In April of this year a major study was reported in Science magazine that highlights the contribution of the father’s genomic information to their offspring.
Why is the Institute highlighting this particular article?
This report is a very important advancement in the field of autism research as it really starts to unravel a mystery pertaining to the perceived rise in the rates of autism in this country. A majority of autism studies assess environmental factors that associate with the disorder, that then could be perceived as causal. The one drawback to these types of studies is that they never truly address the root causes of the disorder, at the genetic level. However, these studies are still important because autism is a non-mendelian disorder meaning more than one gene contributes to a disorder when not properly expressed.
Without going into too many details the major crux of this report is that this disease could be heritable. So if you happen to be on the ASD spectrum and you have a child, your child may have an increase chance of being on the spectrum. That is an important concept to understand, because if a trait is heritable then research on families with those of autistic children can help us identify which genes are the cause (or at least the contributors) to the disorder.

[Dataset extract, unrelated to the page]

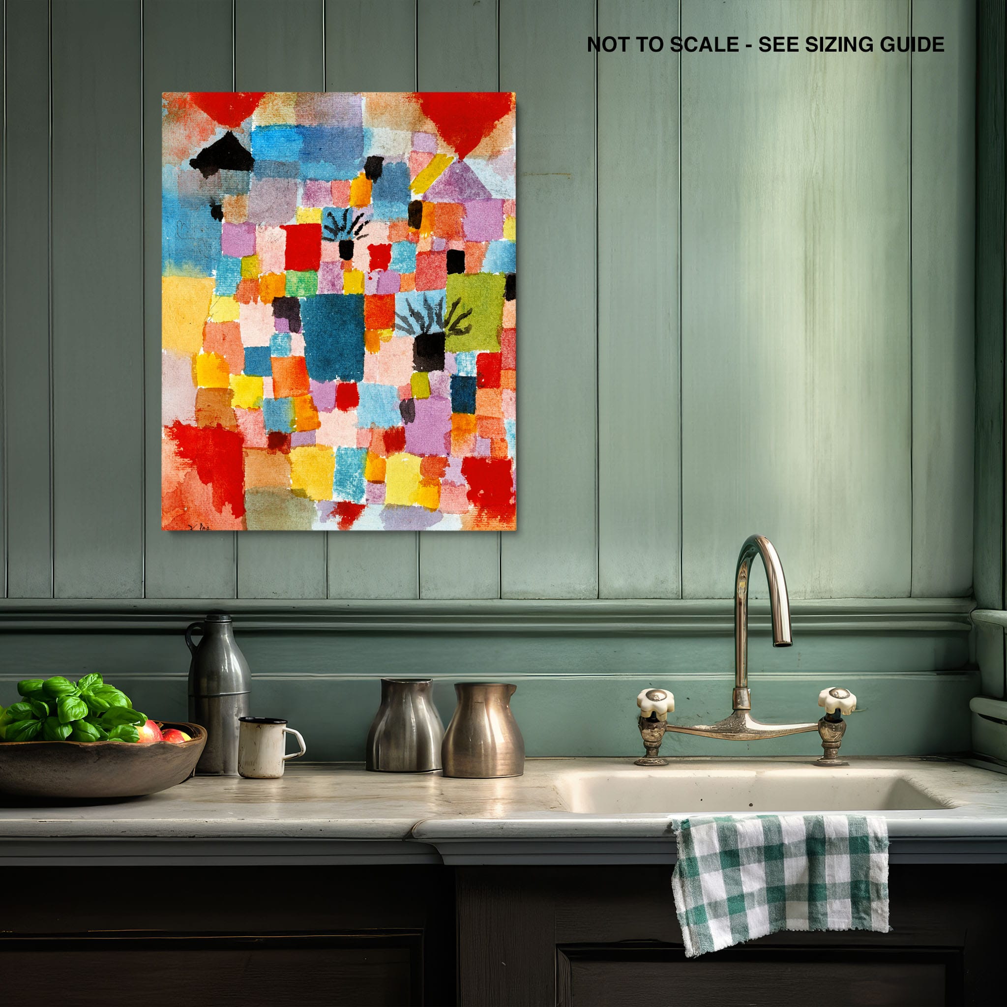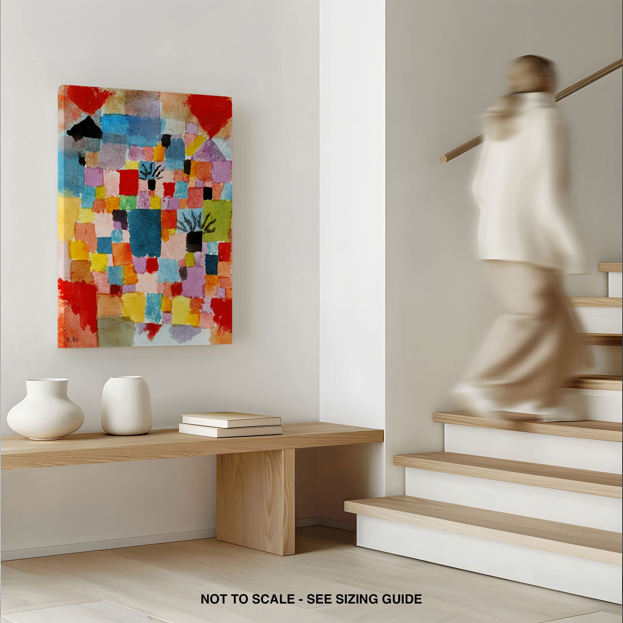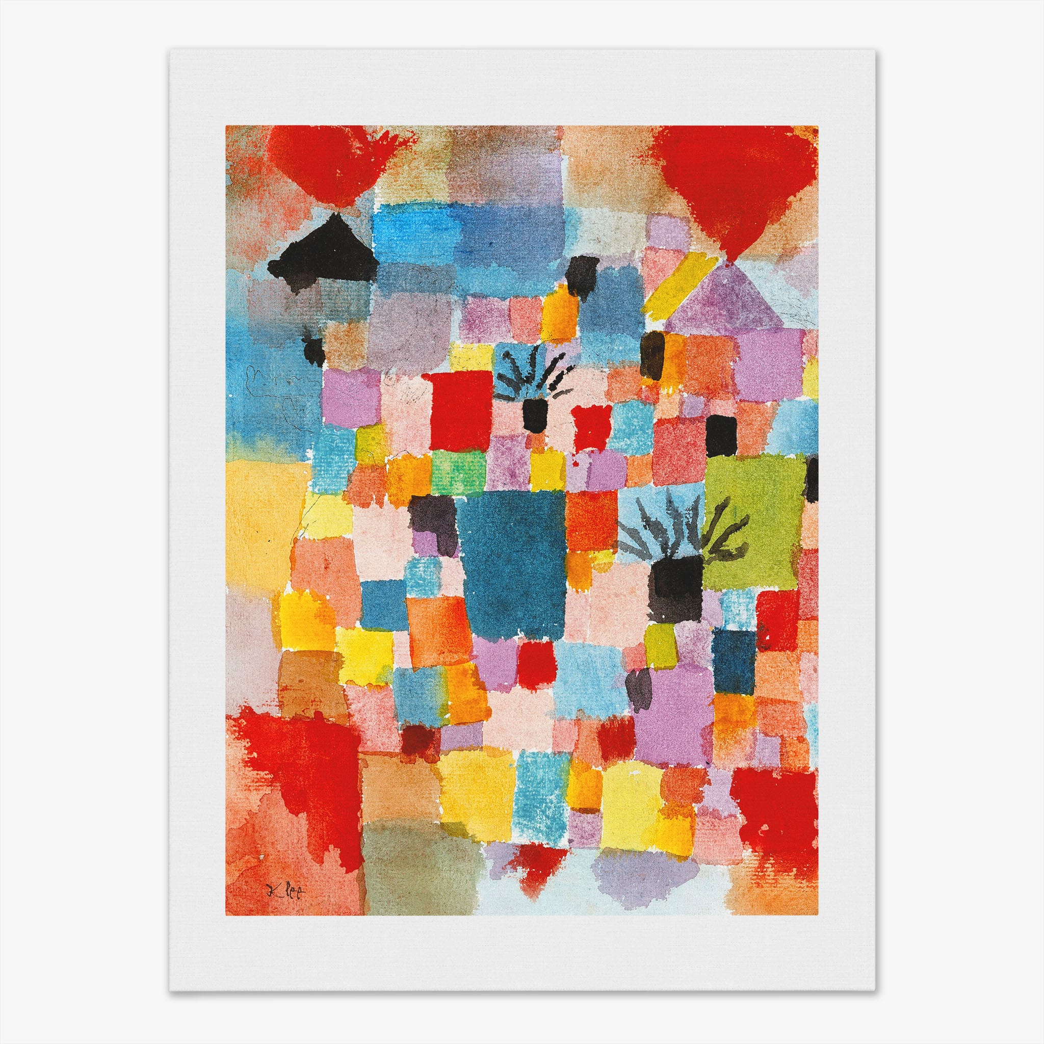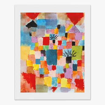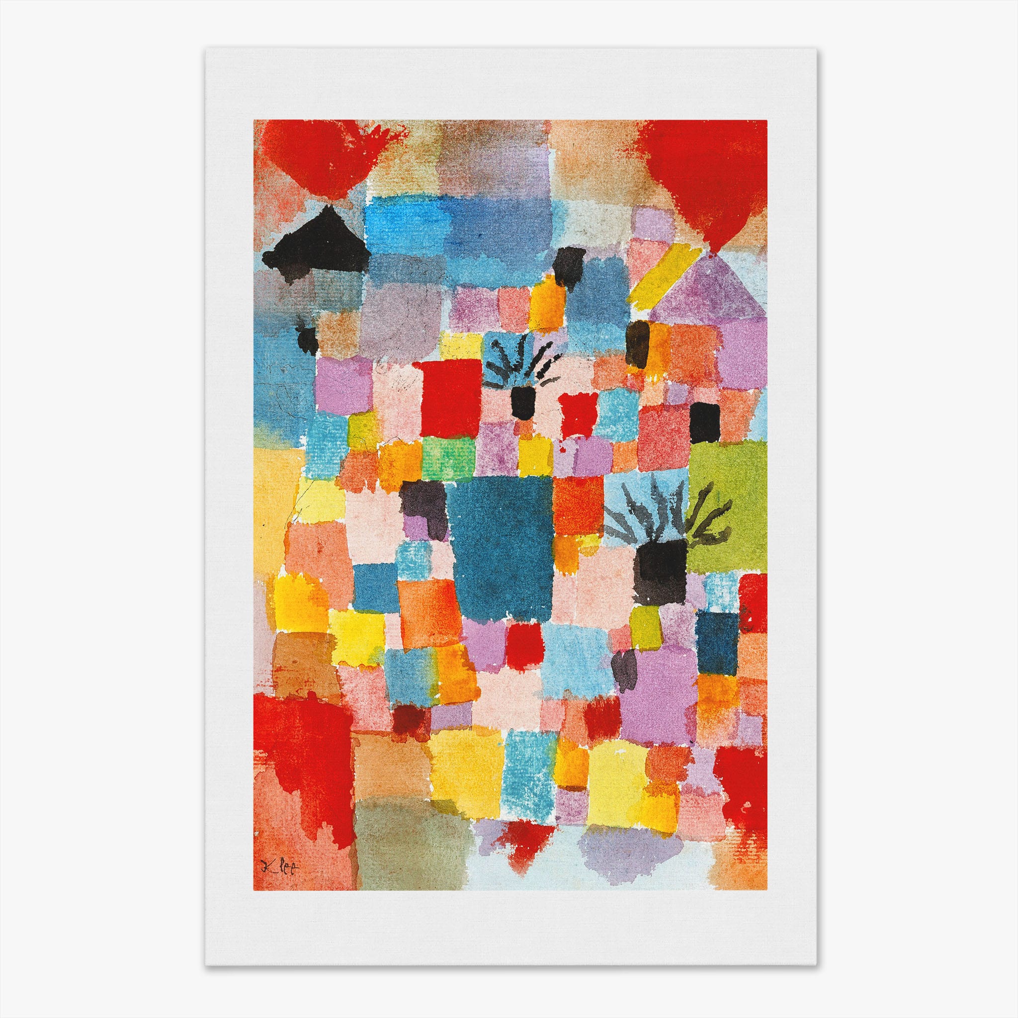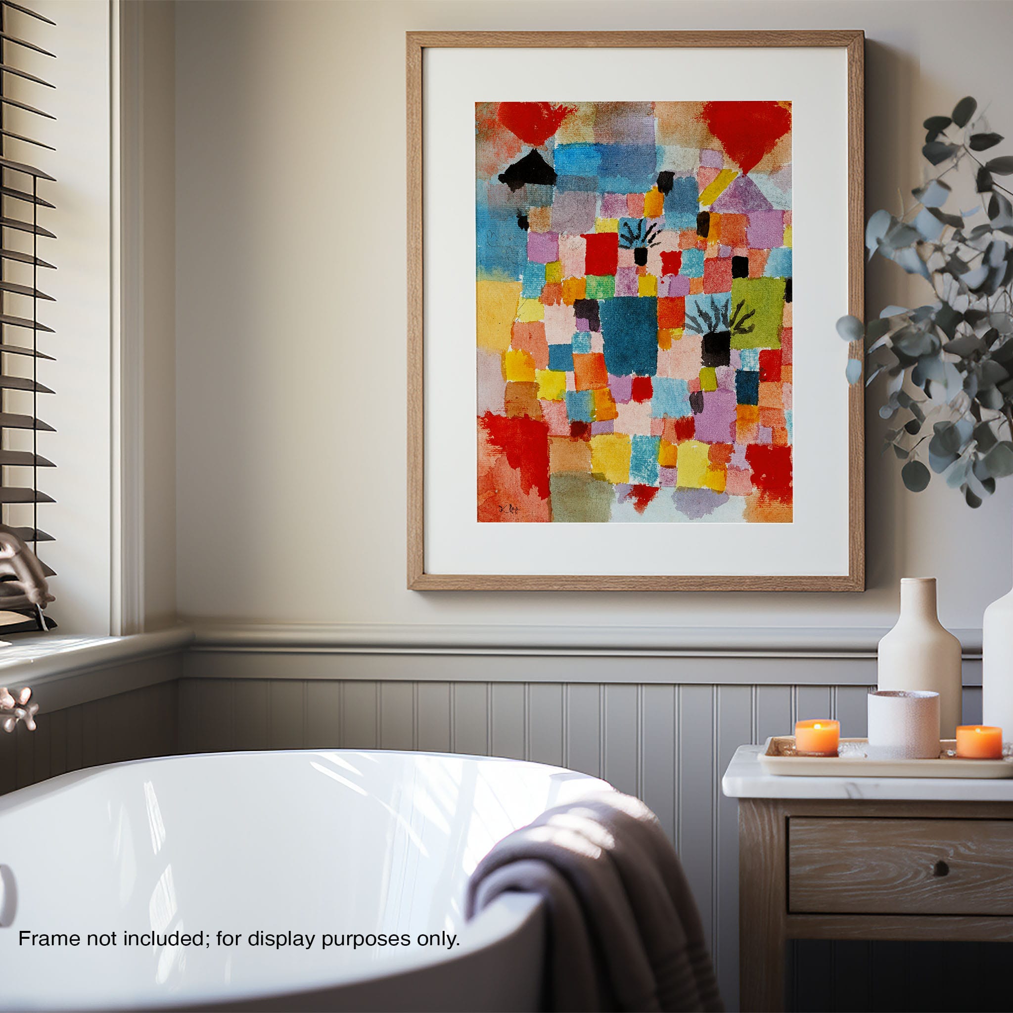 This artwork is titled "Southern Gardens" by Paul Klee, painted in 1919. A mosaic of luminous, overlapping color blocks forms a rhythmic gardenscape, bursting with reds, yellows, purples, and aqua blues. Amid the patchwork, stylized black tree motifs emerge like silhouettes rooted in vibrant soil, subtly grounding the composition. The geometric fragmentation, paired with organic forms and delicate textural washes, showcases Klee’s intuitive balance between abstraction and poetic symbolism. The composition suggests a sun-soaked, dreamlike terrain viewed through a prism of pure color. Offered as a fine art reproduction created from a high-resolution image of the original, this piece brings energy and painterly charm to modern interiors.

What this paper focuses on is that genes deriving from the fathers genome are passed on to their heirs. Normally we say that this is a paternally inherited trait. Other traits that are believed to be inherited are things like male-pattern baldness, because it is observed that baldness in males is more strongly linked with the traits of the mother’s father. Regardless, this paper indicates that not only certain genes are linked to autism, but that certain areas of the genome that have yet to be explored could be at the root cause of the problem.
What does all this mean?
Much like other diseases, “junk DNA”—has been largely ignored in autism research. I believe the only way to understand what autism really is, and how to work with someone with autism, is to study the rest of the genome.